C. The Committee's conclusions
  1. 115. In this matter, the Committee notes that the Government has supplied a reply of a general nature dated 9 June 1980, but that it has not replied to the specific questions which were submitted to it.
  2. 116. In these circumstances, the Committee would like to draw the Government's attention to the general principles as regards the protection of freedom of association which governs these questions.
  3. 117. Thus, regarding searches of trade union premises, the Committee, while recognising that trade unions, like other associations or persons, cannot claim immunity from such an intervention, has always emphasised the importance which it attaches to the principle that such a search should only be made following the issue of a warrant by the ordinary judicial authority and only after that authority has been satisfied that reasonable grounds exist for supposing that evidence exists on the said premises material to eliciting the truth and to a prosecution for an offence under the ordinary law. In such cases, the search should be restricted to the purposes in respect of which the warrant was issued in fact, in the resolution on trade union rights and their relation to civil liberties, adopted by the international Labour Conference at its 54th Session (1970), the Conference expressed the view that the right to protection of trade union property was one of those civil liberties which are essential for the normal exercise of trade union rights.

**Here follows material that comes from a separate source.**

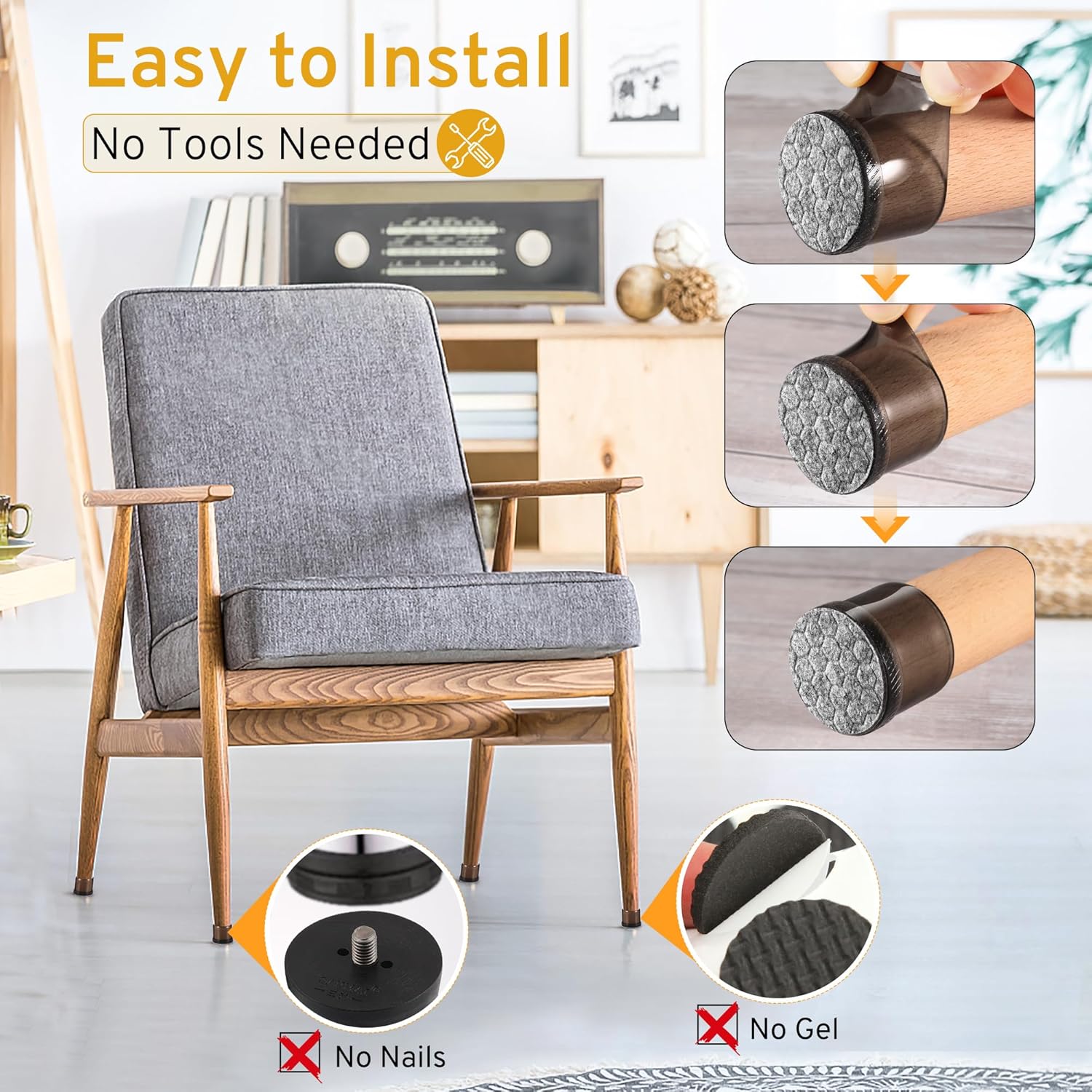 - ✅【Integrated Molding Process】Unlike traditional felt chair leg pads with glue or nails, we combine the felt and silicone into an integral part to prevent the felt pad from falling off during use. Additionally, the built-in bottom features a non-slip pattern to ensure that the chair sliders for wood floors stay securely in place without any risk of falling off.

  4. 118. As concerns the persecution to which Mr. Celso de León Flores is said to have been subjected in June 1976 whilst in Mexico, the Committee, although it is not able to comment on the merits of the allegation in full knowledge of the facts as the Government has not supplied a detailed reply on this question, would nevertheless like to recall that where a person acts as a delegate in a trade union body or at a trade union conference, he should not be worried or prejudiced because of his trade union activities.
  5. 119. In any case, the complainants' allegations are old, dating from June 1976, and the complaint has not been recently supported by additional information.

The Committee's recommendations

The Committee's recommendations
  1. 120. In these circumstances, the Committee recommends the Governing Body to draw the Government's attention to the principles and considerations set out is paragraphs 117 and 118 above concerning the search of trade union premises and the alleged persecution of a leader while he was carrying out trade union business.